> [WORK REQUEST]:
Reproduce the records below exactly from their first line through the line containing "The LDT85-C024L RGB", omitting all pictures.

> [RECORDS PROVIDED]:
◆ ◆ ◆
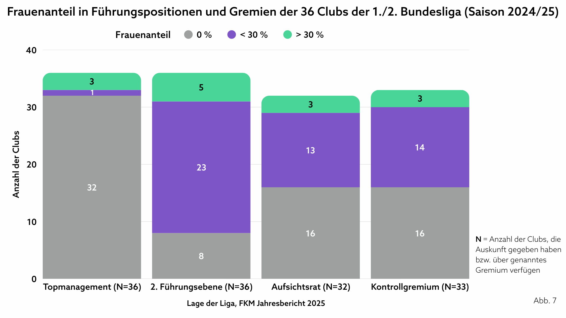 Zum Zeitpunkt der Erhebung hatten drei der 36 Clubs einen Frauenanteil von mehr als 30 Prozent im Topmanagement, ein Club lag unter der
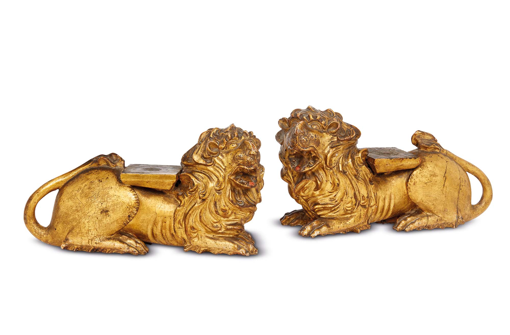 Le decorative sculture lignee dorate rappresentano una coppia di leoni accovacciati, caratterizzati da folte criniere rese con movimento plastico, che si adagiano con fluidità sui corpi vigorosi. La postura raccolta e vigile, insieme alle fauci dischiuse in un ruggito silenzioso, conferiscono alle figure autorità e sovranità. Nel contesto simbolico della Venezia Settecentesca, il leone, ben più diun semplice motivo ornamentale, incarnava il potere spirituale e temporale della Repubblica, nonché la giustizia amministrata con fermezza e sapienza. La sua effige permeava diversi aspetti del linguaggio artistico e politico della città.
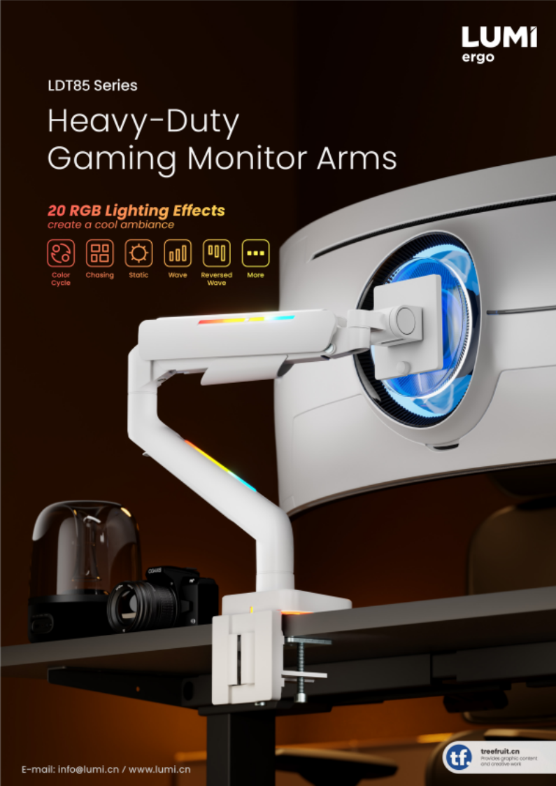 The LDT85-C024L RGB Gaming Dual Monitor Arm features a quick-release VESA plate for effortless setup, an optimized tilting structure for smooth adjustments, and built-in button control for customizable lighting modes. Its cool lighting effect seamlessly blends into any gaming station, while cable management ensures a neat look. Plus, it supports curved monitors, offering flexible positioning for immersive gaming.
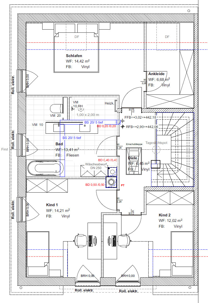 - Einplanung eines Wäscheabwurfschachts - dieser musste teilw. in das Kinderzimmer 1 und dadurch Verkleinerung des Kinderzimmer 2, nehmen wir aber in Kauf
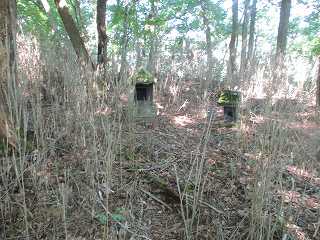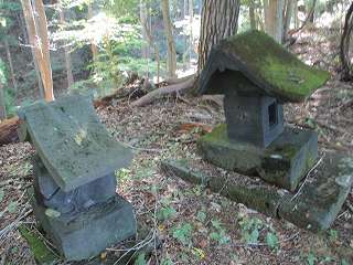 この切通しの先にも浅い堀切状の地形があり(実際には堀切ではないと思うが)、その間には2基の祠が祭られていた。
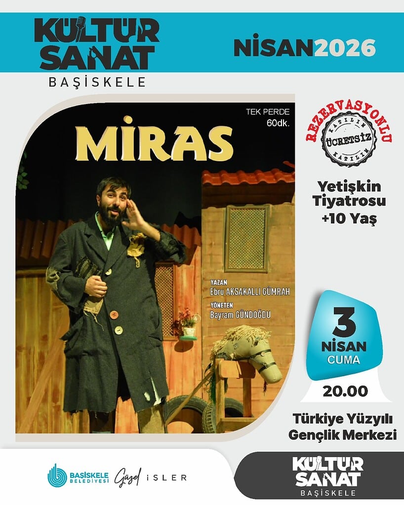 Başiskele Belediyesi, “Güzel İşler” mottosuyla sürdürdüğü kültürel faaliyetler kapsamında, izleyicileri derin bir muhasebeye davet eden “Miras” adlı tiyatro oyununu sahneye taşıyor. Başiskeleli sanatseverler için perde bir kez daha açılıyor! “Miras” adlı yetişkin oyunu, 3 Nisan Cuma akşamı Türkiye Yüzyılı Gençlik Merkezi’nde ücretsiz olarak izleyiciyle buluşacak.
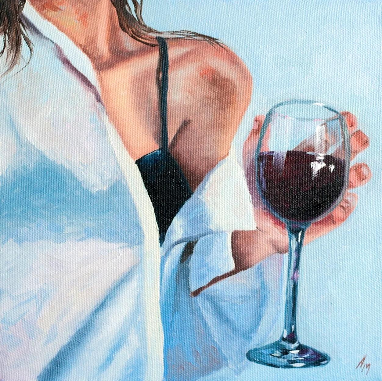 картина женщина с бокалом
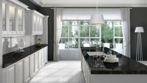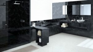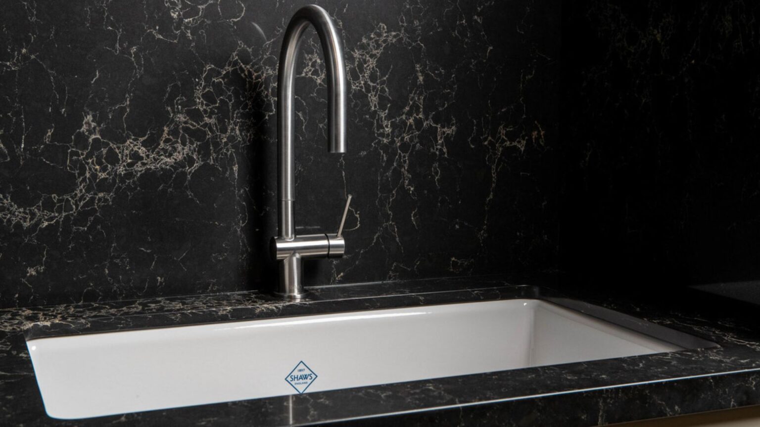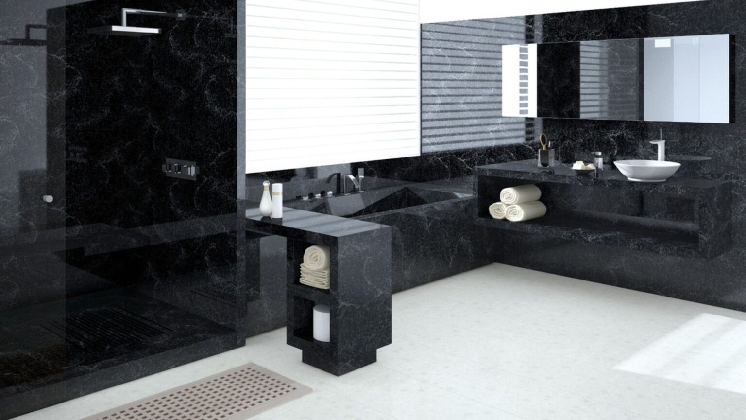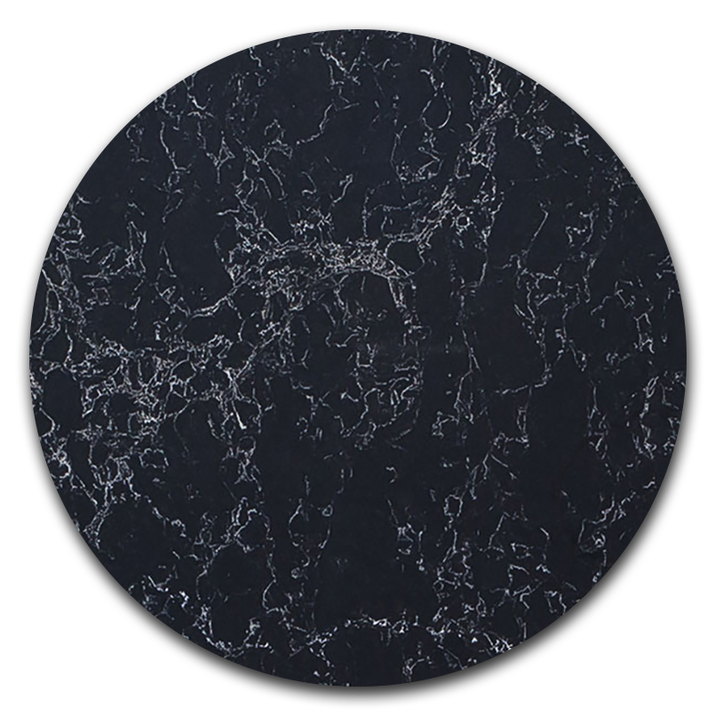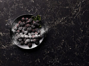 Vanilla Noir quartz from Caesarstone features a rich and luxurious ebony base, washed with expanding creamy vanilla veins and exuding a bold personality.
◆ ◆ ◆
> [ANSWER]:
 Zum Zeitpunkt der Erhebung hatten drei der 36 Clubs einen Frauenanteil von mehr als 30 Prozent im Topmanagement, ein Club lag unter der
 Le decorative sculture lignee dorate rappresentano una coppia di leoni accovacciati, caratterizzati da folte criniere rese con movimento plastico, che si adagiano con fluidità sui corpi vigorosi. La postura raccolta e vigile, insieme alle fauci dischiuse in un ruggito silenzioso, conferiscono alle figure autorità e sovranità. Nel contesto simbolico della Venezia Settecentesca, il leone, ben più diun semplice motivo ornamentale, incarnava il potere spirituale e temporale della Repubblica, nonché la giustizia amministrata con fermezza e sapienza. La sua effige permeava diversi aspetti del linguaggio artistico e politico della città.
 The LDT85-C024L RGB Gaming Dual Monitor Arm features a quick-release VESA plate for effortless setup, an optimized tilting structure for smooth adjustments, and built-in button control for customizable lighting modes. Its cool lighting effect seamlessly blends into any gaming station, while cable management ensures a neat look. Plus, it supports curved monitors, offering flexible positioning for immersive gaming.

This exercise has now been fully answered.